Formation of transitory intrachain and interchain disulfide bonds accompanies the folding and oligomerization of simian virus 40 Vp1 in the cytoplasm.

Abstract

Pentamer formation by Vp1, the major capsid protein of simian virus 40, requires an interdigitation of structural elements from the Vp1 monomers [Liddington, R. C., Yan, Y., Moulai, J., Sahli, R., Benjamin, T. L. & Harrison, S. C. (1991) Nature (London) 354, 278-284]. Our analyses reveal that disulfide-linked Vp1 homooligomers are present in the simian virus 40-infected cytoplasm and that they are derived from a 41-kDa monomeric intermediate containing an intrachain disulfide bond(s).
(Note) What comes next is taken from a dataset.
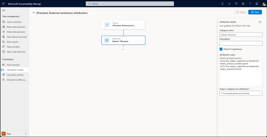 Once you gather data from your value chain partners, you can calculate your scope 3 emissions using the new attribution node in calculations.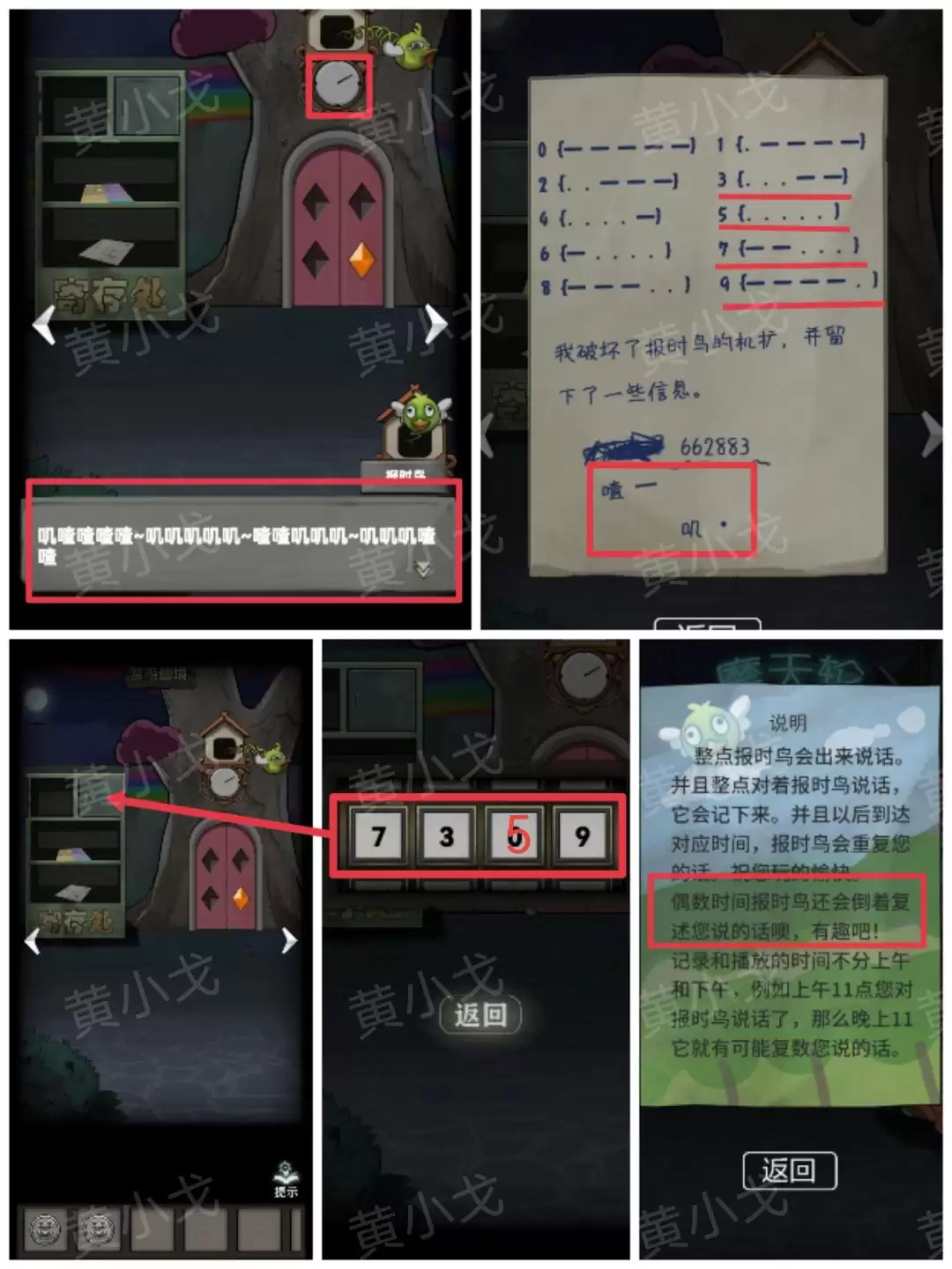1、首先,留意一下铁网上的那张说明书。关键信息就一句话:偶数时间报时鸟会倒着复述说的话。 这个线索先记着,后面有大用。

The 41-kDa species, emerging within 5 min of pulse labeling with [(35)S]methionine, is converted into a 45-kDa, disulfide-free Vp1 monomer and disulfide-bonded dimers through pentamers. The covalent oligomer formation is blocked in the presence of a sulfhydryl-modifying reagent. We propose that there are two stages in this Vp1 disulfide bonding. First, the newly synthesized Vp1 monomers acquire intrachain bonds as they fold and begin to interact. Next, these bonds are replaced with intermolecular bonds as the monomers assemble into pentamers. This sequential appearance of transitory disulfide bonds is consistent with a role for sulfhydryl-disulfide redox reactions in the coordinate folding of Vp1 chains into pentamers. The cytoplasmic Vp1 does not colocalize with marker proteins of the endoplasmic reticulum. This paper demonstrates in vivo disulfide formations and exchanges coupled to the folding and oligomerization of a mammalian protein in the cytoplasm, outside the secretory pathway. Such disulfide dynamics may be a general phenomenon for other cysteine-bearing mammalian proteins that fold in the cytoplasm.